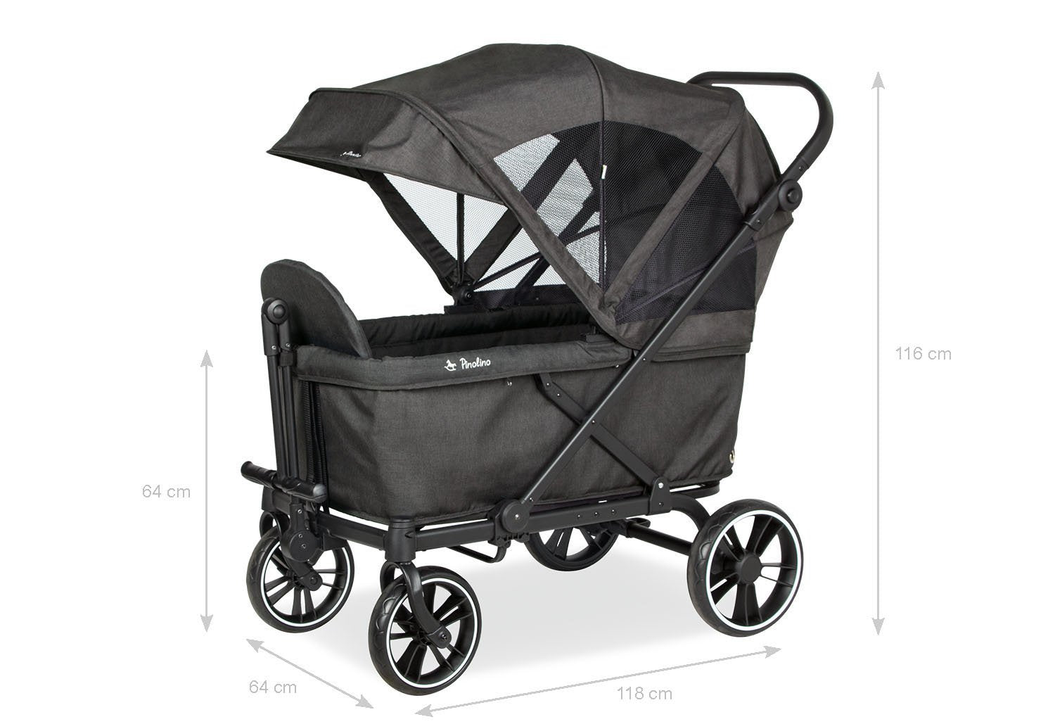- Abmessungen und Design: Der Bollerwagen misst L 116 cm x B 64 cm x H 116 cm mit einem faltbaren Schiebedach für UV-Schutz. Die kompakten Klappmaße (L 112 cm x B 58 cm x H 33 cm) erleichtern Transport und Lagerung.
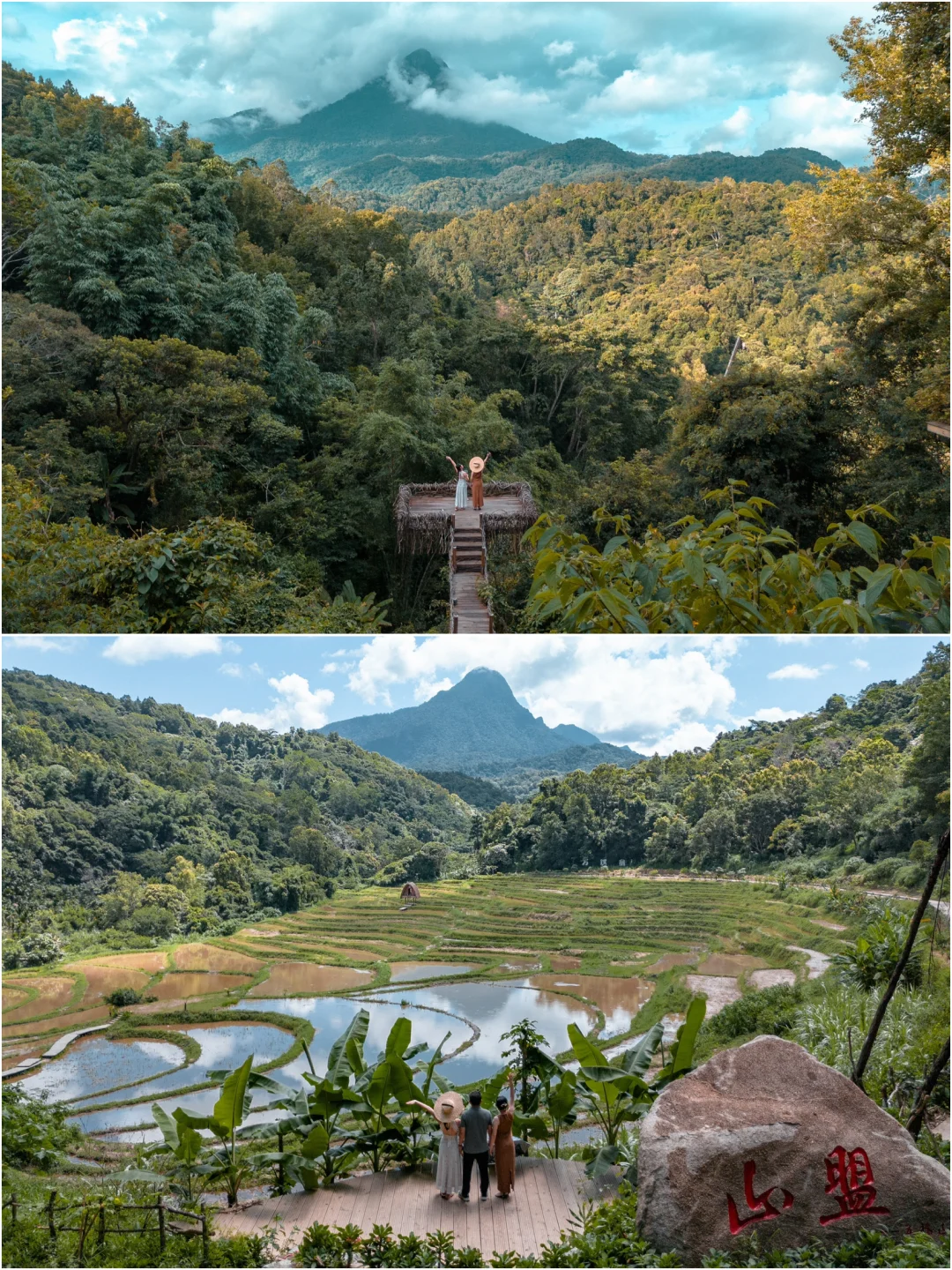 不必问路有多长,山有多高。 山不赴我,我自见山— 去听风穿过雨林 去触云雾环绕山巅 去走蜿蜒的栈道 去见深浅不一的绿 回头看时 轻舟已过万重山 - ⛰|五指山·方诺寨热带雨林景区 📷|拍照点位推荐: 观山台/情人小树屋/山顶吧台/苗妹湖/山间栈道 主页更多拍照机位👉📷
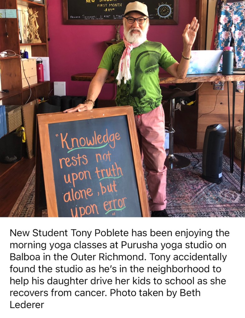 Purusha is a holistic yoga studio and yoga training school on the Balboa Street shopping corridor in the Outer Richmond. Purusha closed in March 2020 when the COVID-19 shelter-in-place order was issued. To respond, the teachers immediately pivoted to teaching online.
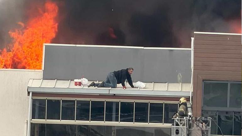 Yangın sırasında kendini son anda dışarı atan bir işçi, çatının ucunda yardım beklerken, ekipler zamana karşı yarıştı. O anlar kameraya yansırken, yaşananlar faciaya ramak kaldığını gözler önüne serdi.
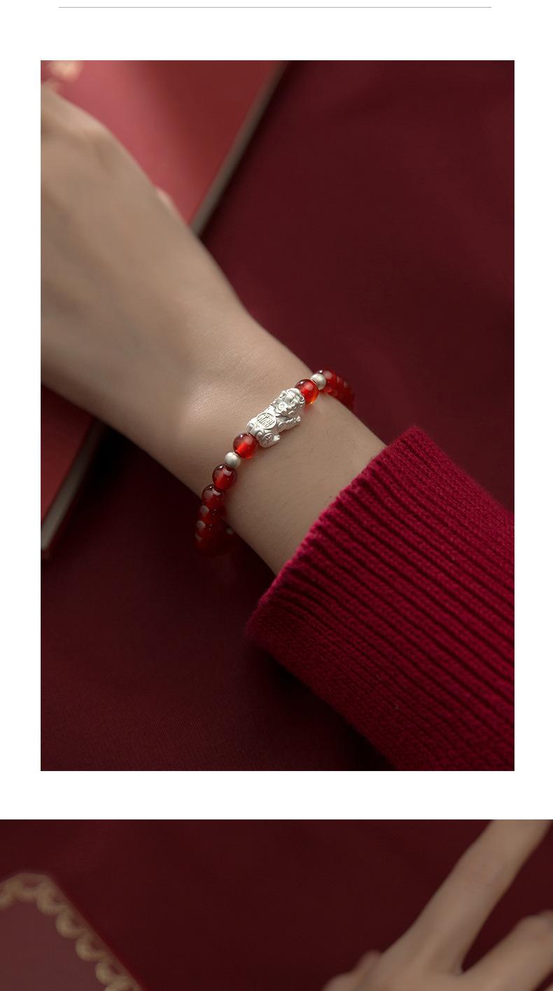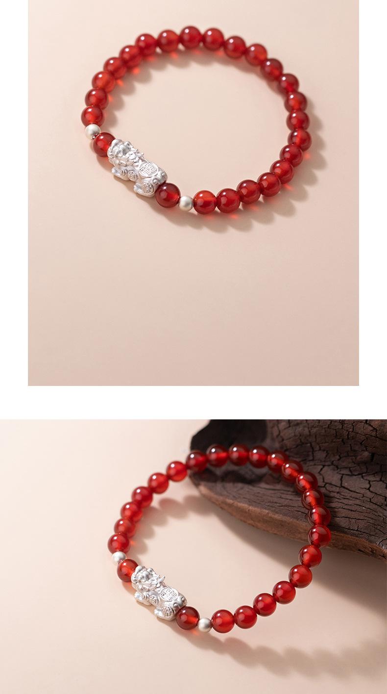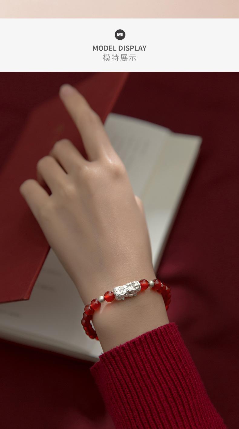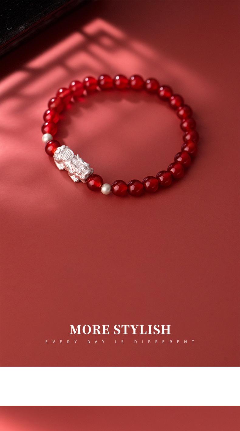 Pie plata 999 ágata roja pulsera valiente temperamento femenino pulsera de cuerda elástica con cuentas pulsera vintage C0392
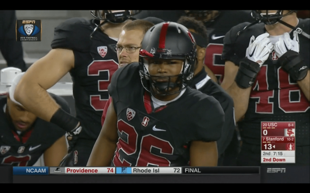 The USC defense started out with some costly penalties and being able to hold McCaffrey to marginal gains. The Stanford offense quickly made it to the red zone before the USC defense stiffened up and held the Cardinal to a field goal. The trend continued throughout the first half as a USC’s offense was unable to get anything going. Stanford made it to the red zone for all four of their meaningful first half drives, but came away with only 13 points. I would consider it a victory for USC’s defense, considering USC’s offense left them out to dry with under 9 minutes of possession in the first half.

◇ ◇ ◇ ◇

Set every entry down again word for word, but not the pictures.

▶ **Answer space**
- Abmessungen und Design: Der Bollerwagen misst L 116 cm x B 64 cm x H 116 cm mit einem faltbaren Schiebedach für UV-Schutz. Die kompakten Klappmaße (L 112 cm x B 58 cm x H 33 cm) erleichtern Transport und Lagerung.
 不必问路有多长,山有多高。 山不赴我,我自见山— 去听风穿过雨林 去触云雾环绕山巅 去走蜿蜒的栈道 去见深浅不一的绿 回头看时 轻舟已过万重山 - ⛰|五指山·方诺寨热带雨林景区 📷|拍照点位推荐: 观山台/情人小树屋/山顶吧台/苗妹湖/山间栈道 主页更多拍照机位👉📷
 Purusha is a holistic yoga studio and yoga training school on the Balboa Street shopping corridor in the Outer Richmond. Purusha closed in March 2020 when the COVID-19 shelter-in-place order was issued. To respond, the teachers immediately pivoted to teaching online.
 Yangın sırasında kendini son anda dışarı atan bir işçi, çatının ucunda yardım beklerken, ekipler zamana karşı yarıştı. O anlar kameraya yansırken, yaşananlar faciaya ramak kaldığını gözler önüne serdi.
 Pie plata 999 ágata roja pulsera valiente temperamento femenino pulsera de cuerda elástica con cuentas pulsera vintage C0392
 The USC defense started out with some costly penalties and being able to hold McCaffrey to marginal gains. The Stanford offense quickly made it to the red zone before the USC defense stiffened up and held the Cardinal to a field goal. The trend continued throughout the first half as a USC’s offense was unable to get anything going. Stanford made it to the red zone for all four of their meaningful first half drives, but came away with only 13 points. I would consider it a victory for USC’s defense, considering USC’s offense left them out to dry with under 9 minutes of possession in the first half.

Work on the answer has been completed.